*Available data*.
────────────────

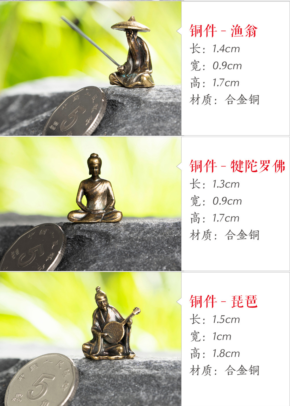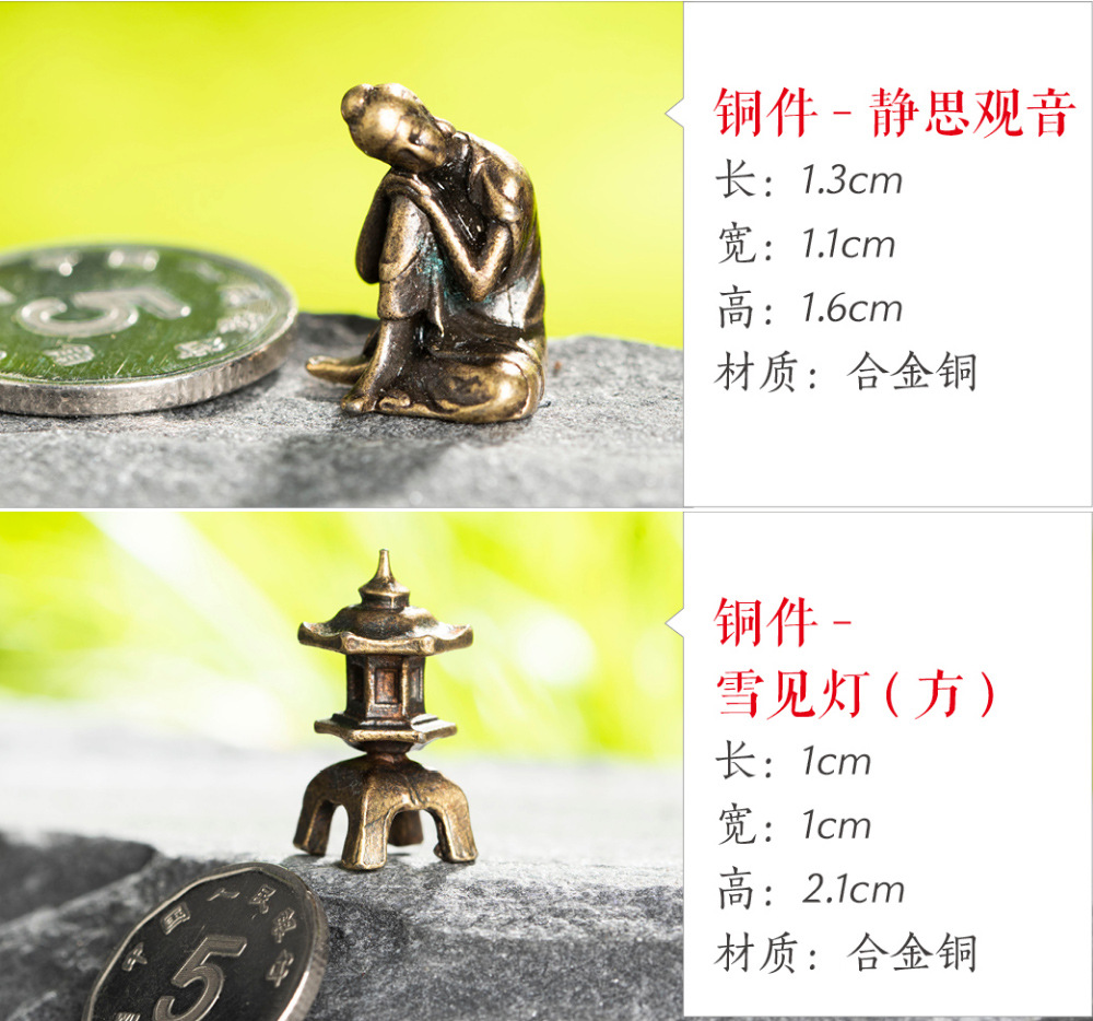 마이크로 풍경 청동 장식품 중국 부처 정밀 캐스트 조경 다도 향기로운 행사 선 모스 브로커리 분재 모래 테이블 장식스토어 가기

────────────────

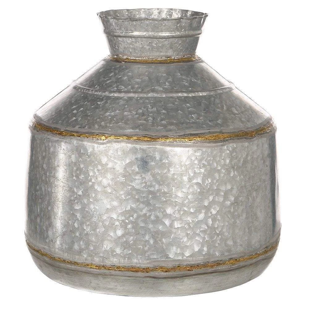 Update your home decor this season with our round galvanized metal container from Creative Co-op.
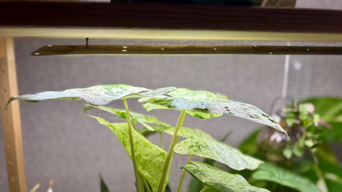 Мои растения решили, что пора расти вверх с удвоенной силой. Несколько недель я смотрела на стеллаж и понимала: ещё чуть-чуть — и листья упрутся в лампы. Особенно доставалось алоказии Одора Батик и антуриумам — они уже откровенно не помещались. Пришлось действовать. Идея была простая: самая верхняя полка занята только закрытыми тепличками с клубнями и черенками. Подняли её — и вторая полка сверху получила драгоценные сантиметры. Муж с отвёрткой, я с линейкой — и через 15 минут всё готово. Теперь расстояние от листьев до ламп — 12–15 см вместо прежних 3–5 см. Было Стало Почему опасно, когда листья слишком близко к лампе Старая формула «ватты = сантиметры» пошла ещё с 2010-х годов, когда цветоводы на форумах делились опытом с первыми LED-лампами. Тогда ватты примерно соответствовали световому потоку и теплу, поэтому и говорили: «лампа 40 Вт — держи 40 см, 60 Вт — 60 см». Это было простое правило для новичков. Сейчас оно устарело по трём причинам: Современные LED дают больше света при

────────────────

*Exercise*. Find the line with "Update your home" in the data above, and from there retype each line exactly through the line with "Мои растения решили, что", skipping the pictures along the way.

*Written answer*.
 Update your home decor this season with our round galvanized metal container from Creative Co-op.
 Мои растения решили, что пора расти вверх с удвоенной силой. Несколько недель я смотрела на стеллаж и понимала: ещё чуть-чуть — и листья упрутся в лампы. Особенно доставалось алоказии Одора Батик и антуриумам — они уже откровенно не помещались. Пришлось действовать. Идея была простая: самая верхняя полка занята только закрытыми тепличками с клубнями и черенками. Подняли её — и вторая полка сверху получила драгоценные сантиметры. Муж с отвёрткой, я с линейкой — и через 15 минут всё готово. Теперь расстояние от листьев до ламп — 12–15 см вместо прежних 3–5 см. Было Стало Почему опасно, когда листья слишком близко к лампе Старая формула «ватты = сантиметры» пошла ещё с 2010-х годов, когда цветоводы на форумах делились опытом с первыми LED-лампами. Тогда ватты примерно соответствовали световому потоку и теплу, поэтому и говорили: «лампа 40 Вт — держи 40 см, 60 Вт — 60 см». Это было простое правило для новичков. Сейчас оно устарело по трём причинам: Современные LED дают больше света при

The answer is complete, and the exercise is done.